Gugus hidroksil tersebut selain dapat menarik gugus hidroksil dari molekul
lainnya, juga dapat menarik gugus hidroksil air. Hal tersebut membuat serat yang
mengandung banyak gugus hidroksil akan mudah menyerap air sehingga serat
tersebut memiliki moisture regain yang tinggi. Dengan kemudahan molekul air
terserap kedalam serat, menyebabkan serat mudah dicelup. Pereaksi-pereaksi oksidasi,
asam dan alkali kuat dengan disertai oksigen dari udara pada umumnya akan
menyerang bagian atom oksigennya dan memutuskannya, sehingga panjang
molekulnya lebih pendek, yang berarti menurunkan kekuatan seratnya[1].
Memanjang
Bentuk memanjang serat kapas, pipih seperti pita yang terpuntir, ke arah
panjang, serat dibagi menjadi tiga bagian ialah:
- Dasar
Berbentuk kerucut pendek yang selama pertumbuhan serat tetap tertanam
diantara sel-sel epidermis. Dalam proses Pemisahan serat dari bijinya (ginning),
pada umumnya dasar serat ini putus, sehingga jarang sekali ditemukan pada
serat kapas yang diperdagangkan[1].
- Badan
Merupakan bagian utama serat kapas, kira-kira sampai panjang serat.

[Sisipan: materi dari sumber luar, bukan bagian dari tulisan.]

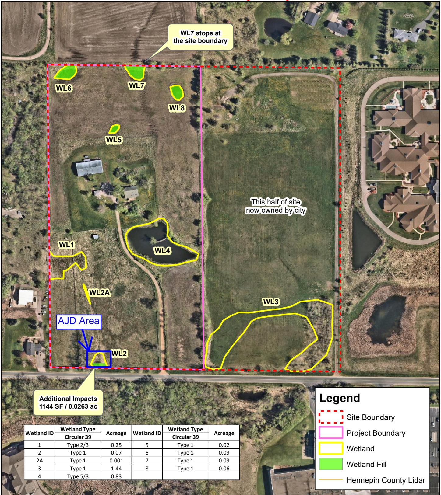
Figure 2 - Existing Conditions & Updated Proposed Impact Areas (2024 Henn County Photo)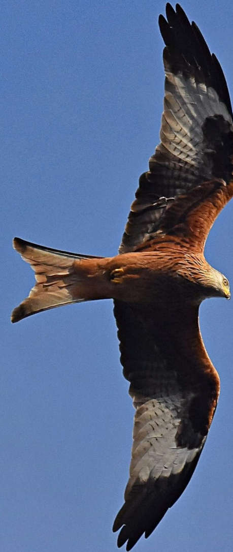
Red Kite by Dave Ward - BirdGuides

Welcome to the September Edition Volume 19 Issue 8 2022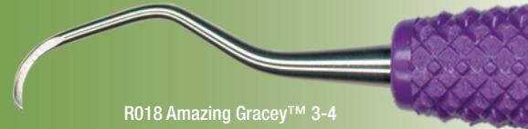
R018 Amazing Gracey™ 3-4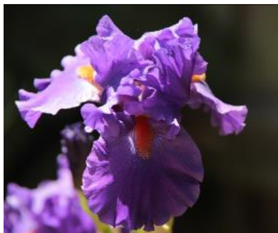
'Paul Black' (Johnson 2003),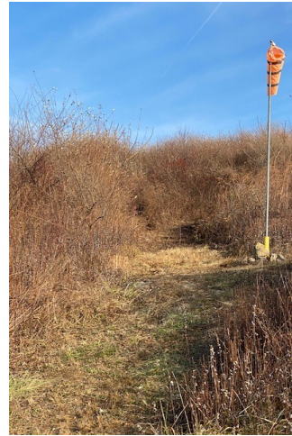
Path behind the wind sock to the top of the ridge.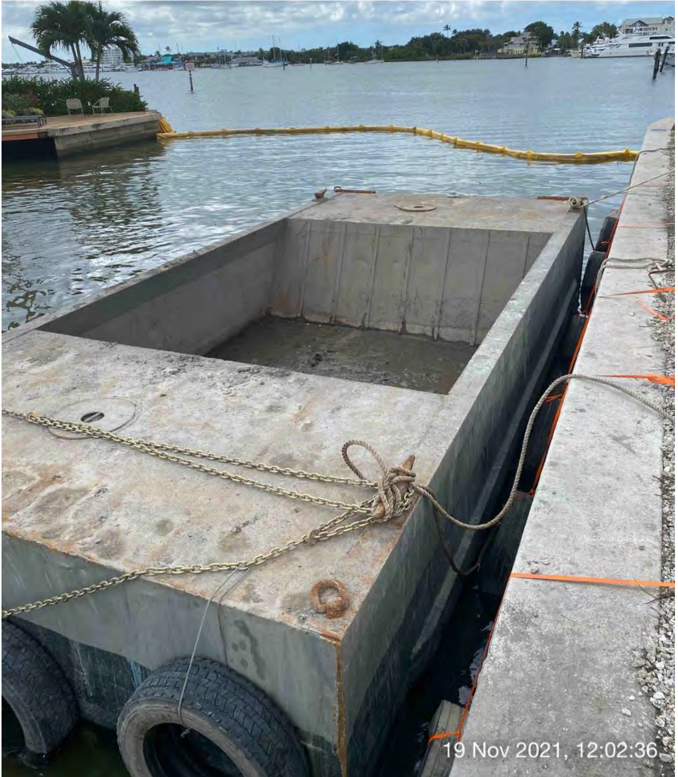
Hopper with sediment tied to the barrier walls at station 1+50 on the south side of 1300 Curlew Avenue

SW W NW 210 240 270 300 ☉ 253°W (T) ☉ 26°8'13"N, 81°47'15"W ±32ft ▲ 8ft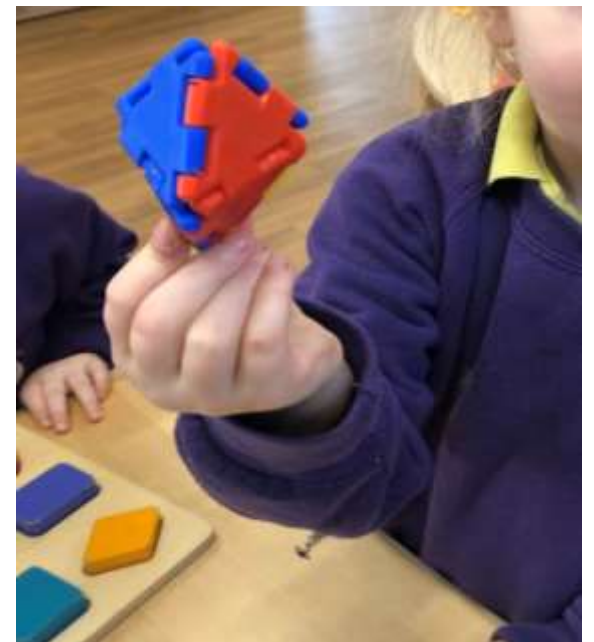
Edenside Primary School & Nursery @EdensidePS - Jan 20 Thank you to the many parents & carers who came to our #EmergingLiteracy session today. It was a wonderful opportunity to share with families the fun, practical ways that our youngest learners are developing pre-handwriting and pre-reading skills. #familylearning @58CLiteracy

Bagian ini mempunyai diameter yang sama, dinding yang tebal, dan lumen
yang sempit[1].
- Ujung
Ujung serat merupakan bagian yang lurus dan mulai mengecil dan pada
umumnya kurang dari 1/4 bagian panjang serat. Bagian ini mempunyai sedikit
konvolusi dan tidak mempunyai lumen. Diameter bagian ini lebih kecil dari
diameter badan dan berakhir dengan ujung yang runcing[1].
Melintang
Bentuk penumpang serat kapas sangat bervariasi dari pipih sampai bulat
tetapi pada umumnya berbentuk seperti ginjal. Serat kapas dewasa, penumpang
lintangnya terdiri dari 6 bagian :
a. Kutikula
Merupakan lapisan terluar yang mengandung lilin, pectin, dan protein.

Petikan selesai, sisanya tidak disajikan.